GIVEN INFORMATION.
*** Begin section ***
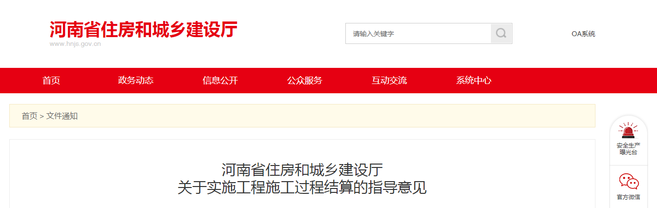 2020年7月23日,河南省住建厅下发《关于实施工程施工过程结算的指导意见》。
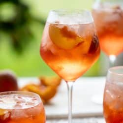 The peaches keep the drink cold, don’t water it down like ice cubes do AND add a little peach flavor to the drink. Which is incredible. It also often complements the rosé you’re using!
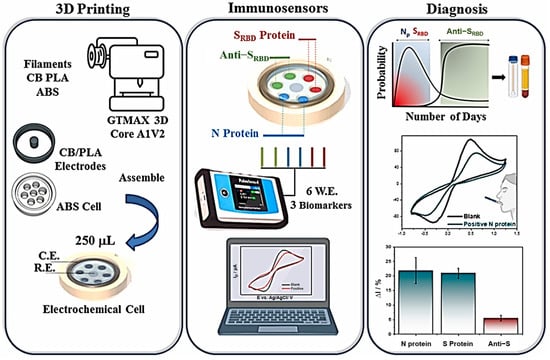 Morawski et al. (2023) [40] developed a 3D-printed electrochemical biodevice consisting of six working electrodes for the simultaneous detection of three SARS-CoV-2 virus biomarkers. The sensors were fabricated using a commercial carbon black and PLA-based filament, and analyses were performed with a 250 µL aliquot. Figure 6 illustrates the steps involved in the process. The biomarkers detected were the N-protein, the SRBD-protein, and anti-SRBD. The sensor demonstrated good selectivity for analyzing these biomarkers and was also effective in analyzing fortified human serum. This device highlights the potential of 3D printing, combined with conductive filaments, for producing complex and multiplex devices.
*** End section ***
EXERCISE OBJECTIVE.
The response has to be an exact copy of all the data, pictures excluded.

SOLUTION.
 2020年7月23日,河南省住建厅下发《关于实施工程施工过程结算的指导意见》。
 The peaches keep the drink cold, don’t water it down like ice cubes do AND add a little peach flavor to the drink. Which is incredible. It also often complements the rosé you’re using!
 Morawski et al. (2023) [40] developed a 3D-printed electrochemical biodevice consisting of six working electrodes for the simultaneous detection of three SARS-CoV-2 virus biomarkers. The sensors were fabricated using a commercial carbon black and PLA-based filament, and analyses were performed with a 250 µL aliquot. Figure 6 illustrates the steps involved in the process. The biomarkers detected were the N-protein, the SRBD-protein, and anti-SRBD. The sensor demonstrated good selectivity for analyzing these biomarkers and was also effective in analyzing fortified human serum. This device highlights the potential of 3D printing, combined with conductive filaments, for producing complex and multiplex devices.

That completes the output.